New single-family homes set to replace Liberty Twp. golf course

Vista Verde Golf Club to be converted into $300,000-plus homes


IF YOU GO

WHAT: Liberty Twp. Board of Trustees meeting

WHERE: Princeton Pike Church of God, 6101 Princeton Glendale Road, Liberty Twp.

WHEN: 6 p.m. Feb. 16

WHY: Zoning hearing for a 145-unit single-family home subdivision to be built on Vista Verde Golf Course, 4780 Millikin Road, Liberty Twp.

A company that has designed, built and managed upscale communities in Hamilton, Butler and Warren counties is looking to build its next one on 89 acres north of Millikin Road and just west of Ohio 747.

The development is planned for what has been, since 1988, Vista Verde Golf Course. Welsh Development intends to incorporate the Vista Verde name into the new development, according to Megan Adams, the Cincinnati-based company’s land development manager.

“The Vista Verde property is a great location being near Millikin Road, (Ohio) 747, and the Butler County Veterans Highway, all which provide easy access to work and shopping,” Adams said. “Over the past 20 years, Welsh Development has developed numerous subdivisions in Liberty Twp., such as Cedarbrook, Creekside Meadows, Panther Run Estates, Lanes Landing, Autumn Creek Estates, Yankee Estates and Lakota Woods. The Liberty Twp. area is very desirable due to excellent schools, low crime rate, numerous shopping and restaurants options and easy access to I-75.”

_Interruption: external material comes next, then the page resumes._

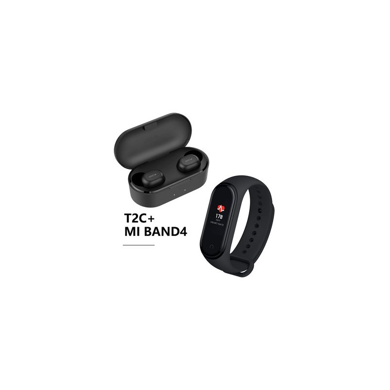 QCY T2C Audifonos BluetoothMicrófono de silicona de alta sensibilidad.Tecnología antiinterferencia y reducción de ruido CVC 6.0.Mejor reconocimiento de voz.Diseño ergonómico, se adapta al contorno de las orejas.Estuche de carga incorporado de 800 mAh para energía de respaldo. Bluetooth: V5.0.Conectividad: Inalámbrico Respuesta de frecuencia: 20-20000Hz. Impedancia: 32ohms.Sensibilidad: 108dB ± 3dB.Tiempo de conversación: 4h. Material: ABS y Metal.Capacidad de la batería - Auricular: 45mAh.Base de carga: 800mAh (incorporado).Dimensiones: 8 x 4.5 x 3cm / 3.15 x 1.77 x 1.18" (aprox.)Mi Band 4:Tamaño de la pantalla: 0,95 pulgadasRetroiluminación de la pantalla: Brillo máximo≥400nit, brillo ajustableMaterial de la caja: PC plásticoBluetooth: 5.0Tiempo de vida: 20 díasTipo de batería: Batería de seguridad de polímero de iones de litio de 135 mAh incorporadaSistema compatible: Android 4.4 y superior, iOS 9.0 y superiorSensor: sensor de aceleración triaxial, sensor de frecuencia cardíaca PPGMaterial de la pulsera: TPUTipo de pulsera: pulsera desmontableAncho de la pulsera: 18mmPulsera de longitud ajustable: 155-216mmRAM: 512KBMemoria flash: 16MBManera de carga: 2 pin pin pogoTiempo de carga: ≤2 horasCaracteristicas1. 50 m impermeable, se puede usar en la ducha, piscina y nadar en aguas poco profundas, pero no para saunas y buceo2. La nueva pantalla a color AMOLED no solo mejora el brillo, sino que también aumenta el 39.9% del área de visualización, más información de un vistazo.3. Función de movimientoCorrer, caminar, andar en bicicleta, correr bajo techo, nadar, hacer ejercicio, practicar deportesPantalla secundaria, recordatorio de velocidad, recordatorio de frecuencia cardíaca, contador de pasos4. Vigilancia de la salud.Recordatorio de alcance, establecimiento de objetivos, detección de sueño, frecuencia cardíaca manualFrecuencia cardíaca a lo largo del día, frecuencia cardíaca en reposo, curva de frecuencia cardíaca, recordatorio sedentario5. Otras funcionesDespertador, marcación preestablecida, marcación por reemplazo personalizada, bloqueo de pantalla, temporizador, cuenta regresiva, alarma móvil, desconexión de recordatorio, recordatorio, recordatorio de SMS, recordatorio de WeChat, recordatorio de calendario, recordatorio de mensaje de APP, pronóstico del tiempo, buscar teléfono celular, desbloquear teléfono móvil, evento recordatorio, modo nocturno, modo de no molestar, pago sin conexión de Alipay, reproducción remota de música desde el teléfono móvil, transmisión de Bluetooth, pantalla de progreso de carga, selección de modo de uso, actualización OTA

The project calls for approximately 145 single-family homes to be built with a minimum lot size of nearly a half-acre with several lots being larger, Adams said.

Homes will range from between 2,500 and 3,600 square feet in size with prices expected to run in the $300,000 to $400,000 range, she said.

Trustees are scheduled to vote Feb. 16 on changing three separate residential zoning districts to one so the entire property is consistent as far as the zoning code.

Current zoning for the site spans three residential zoning districts. For two of the districts, lot size, setbacks and building height are exactly the same with the third actually allowing for smaller lots than one of the other two.

“For the township and the future residents of the development, Welsh Development would prefer a single zone district in order to have consistency among all the lots,” Adams said.

As all three zoning districts are residential and allow for the size lot that the company is proposing, the project will move forward regardless of the vote, she said. Site work is scheduled to begin this spring, and the first section of lots will be available in the late summer, Adams said.

Bob Niehaus, who has lived in a subdivision just north of the golf course for almost 17 years, told the Journal-News that he and other residents are concerned the new community will negatively affect their quiet neighborhood in property value, traffic and privacy.

Niehaus said he plans to ask trustees during a Feb. 16 hearing on the matter to do as much as possible to minimize encroachment by the new development, especially via two small street “stubs” that have never been completed by connecting them to outside communities.

“This subdivision’s been allowed to mature and grow and be what it is for over 35 years and just because there’s a stub there doesn’t mean it has to go through,” Niehaus said.

Adams said discussions she’s had with nearby residents have focused on how the size, scope and character of the new development will have a positive effect on the area.

“It will mix well with what is already there,” she said. “We’re not going to come in and build tiny, cheap houses on small lots. The stuff we’re going to build is going to be of the same caliber or higher caliber than what’s there.”

Vista Verde Golf Course officials could not be reached for comment.

The zone change is scheduled to go before trustees at a meeting scheduled to start at 6 p.m. Feb. 16 at Princeton Pike Church of God, 6101 Princeton-Glendale Road, to accommodate an expected larger-than-usual crowd.